[Opening MATERIAL PROVIDED section]
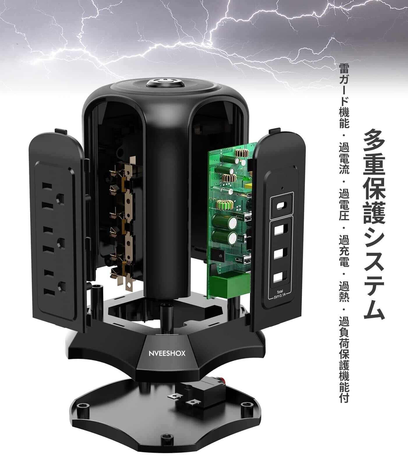 【多重保護システム】この電源タップは雷ガードを内蔵しており、恐ろしい雷から機器をガードすることに加えて、ブレーカーを内蔵しており、接続している機器の消費電力の合計が1500Wを超えた場合、ブレーカーが作動し電源が切れます。そして、シェル素材は難燃ABS樹脂とPC94V0より作られて、耐火性は750℃に達します。更に過電流、過電圧、過充電、過熱など多重保護を搭載しており、お客様の安全とお使いの家電をお守りできます。
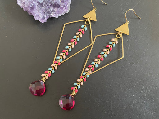 Quartz drop Earrings, Boho Dangle Earrings, Vintage Jewelry , Bohemian Hippie Earrings, brass earrings,
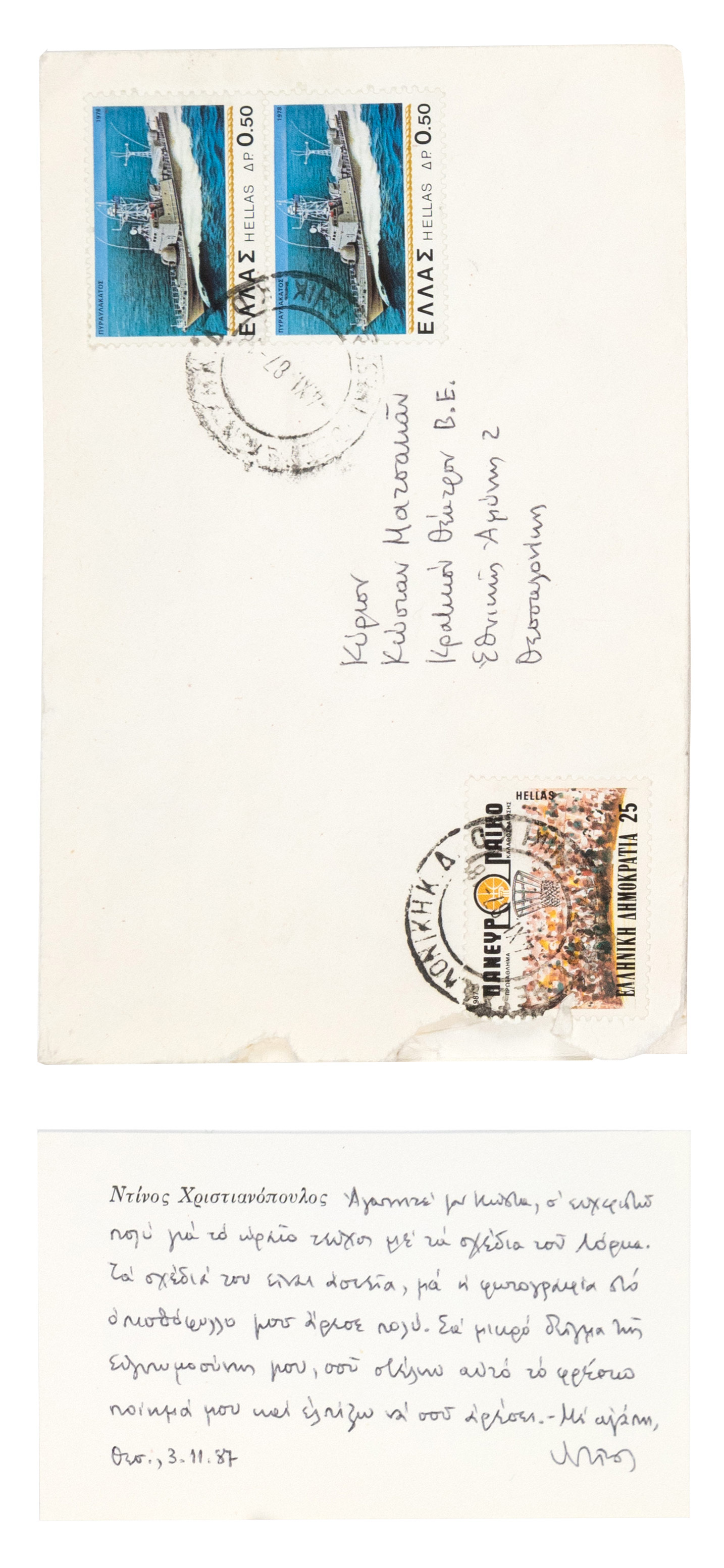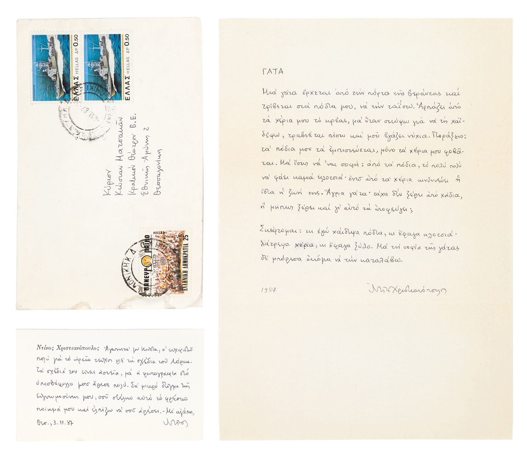 Τιμή εκτίμησης: € 200 - 300Γραμμένο σε φύλλο διαστάσεων 211 x 145 mm. (η πίσω όψη λευκή). Υπογεγραμμένο στο τέλος: «Ντίνος Χριστιανόπουλος» και χρονολογημένο (με μολύβι και πιθανώς από άλλο χέρι): «1987». [μαζί, του ιδίου:] Αὐτόγραφη ἐπιστολὴ μὲ τὴν ὑπογραφή του («Ντῖνος») πρὸς τὸν ἡθοποιὸ Κώστα Ματσακᾶ. Θεσσαλονίκη, 3 Νοεμβρίου 1987. • 1 σ., σε κάρτα διαστάσεων 55 x 95 mm. Έντυπη επικεφαλίδα («Ντίνος Χριστιανόπουλος»). • «... Σά μικρό δεῖγμα τῆς εὐγνωμοσύνης μου, σοῦ στέλνω αὐτό τό φρέσκο ποίημά μου καί ἐλπίζω νά σοῦ ἀρέσει.- Μέ ἀγάπη...». Μαζί ο φάκελος. (3) • Το ποίημα εμφανίζει διαφορές από το τελικώς δημοσιευμένο.
[Closing MATERIAL PROVIDED section]
◆ **DIRECTIONS**: Give back the whole listing exactly as it stands. Drop every picture.

◆ **ANSWER SECTION**:
 【多重保護システム】この電源タップは雷ガードを内蔵しており、恐ろしい雷から機器をガードすることに加えて、ブレーカーを内蔵しており、接続している機器の消費電力の合計が1500Wを超えた場合、ブレーカーが作動し電源が切れます。そして、シェル素材は難燃ABS樹脂とPC94V0より作られて、耐火性は750℃に達します。更に過電流、過電圧、過充電、過熱など多重保護を搭載しており、お客様の安全とお使いの家電をお守りできます。
 Quartz drop Earrings, Boho Dangle Earrings, Vintage Jewelry , Bohemian Hippie Earrings, brass earrings,
 Τιμή εκτίμησης: € 200 - 300Γραμμένο σε φύλλο διαστάσεων 211 x 145 mm. (η πίσω όψη λευκή). Υπογεγραμμένο στο τέλος: «Ντίνος Χριστιανόπουλος» και χρονολογημένο (με μολύβι και πιθανώς από άλλο χέρι): «1987». [μαζί, του ιδίου:] Αὐτόγραφη ἐπιστολὴ μὲ τὴν ὑπογραφή του («Ντῖνος») πρὸς τὸν ἡθοποιὸ Κώστα Ματσακᾶ. Θεσσαλονίκη, 3 Νοεμβρίου 1987. • 1 σ., σε κάρτα διαστάσεων 55 x 95 mm. Έντυπη επικεφαλίδα («Ντίνος Χριστιανόπουλος»). • «... Σά μικρό δεῖγμα τῆς εὐγνωμοσύνης μου, σοῦ στέλνω αὐτό τό φρέσκο ποίημά μου καί ἐλπίζω νά σοῦ ἀρέσει.- Μέ ἀγάπη...». Μαζί ο φάκελος. (3) • Το ποίημα εμφανίζει διαφορές από το τελικώς δημοσιευμένο.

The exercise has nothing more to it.